Professor Cumming told delegates that GPs used to work on average the equivalent of 0.9 WTE, but this has dropped to 0.83 as more millennial GPs enter the workforce.

As a result of this, the number of full-time-equivalent doctors in the system has reduced.

He said: ‘Our workforce are choosing to work fewer hours. Part of this is because of generation Y and Z and millennials starting to come through, who are increasingly not wanting to work the same number of hours that many of the baby boomers and generation X want to work.’

The HEE chief executive said that the figures from NHS Digital mean that the NHS is getting 10% fewer clinical hours out of each GP over the past few years, which equates to 10% fewer GPs in the workforce.

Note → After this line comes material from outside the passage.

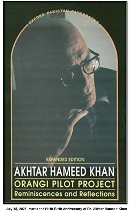 Dr Akhtar Hameed Khan (AHK) was a social development activist par excellence. His nafees personality was an embodiment of religious, social, and ethical values of Indo-Muslim culture. Seven decades ago, AHK left the prestigious Indian Civil Service (ICS) to devote his energies and services for uplifting the lives of the poor and the underprivileged masses. He pioneered social uplift schemes like microcredit and microfinance initiatives, farmers' cooperatives, and rural training. His major achievements in social work include the development of the Rural Development Academy, Comilla, East Pakistan (now Bangladesh), and Orangi Pilot Project, Karachi.
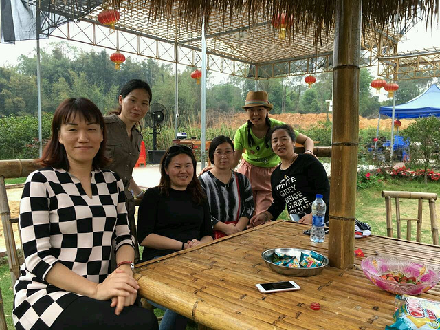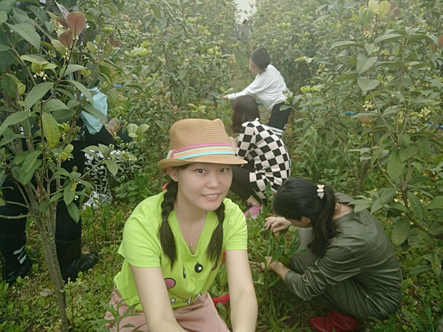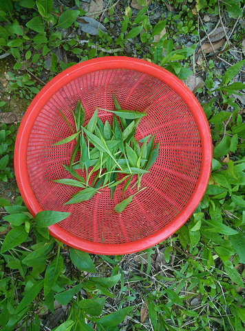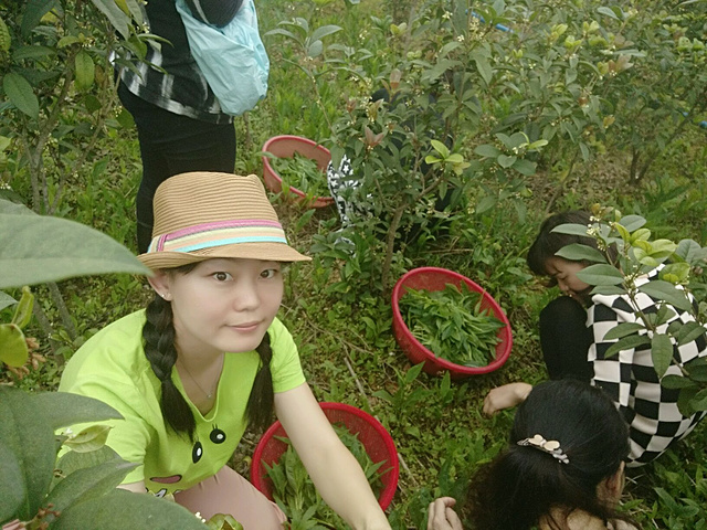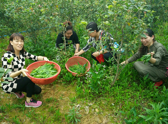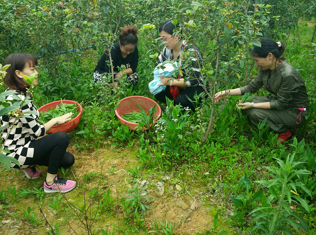我们几个大人在桂花林里摘野生人参果叶,晚饭用来凉拌,很下火

Professor Cumming said: ‘Another way of putting that is you’re dealing with 10% more patients, you’re under 10% more pressure.’

The trend is likely to continue and grow, he added, ‘so we have to be mindful of that, that we aren’t getting the same number of hours out of every clinician as we used to’.

Professor Cumming also addressed the Government’s plan to increase the number of medical students by 1,500 by 2019.

He said 500 of those places have been allocated, with 1,000 more to start in 2019.

But he cautioned delegates not to get ‘carried away about the immediate benefits of that’, adding that it is ’11 years before these people are GPs’.

He said: ‘We need to do it because we need to get our workforce right but it’s not a short-term fix.’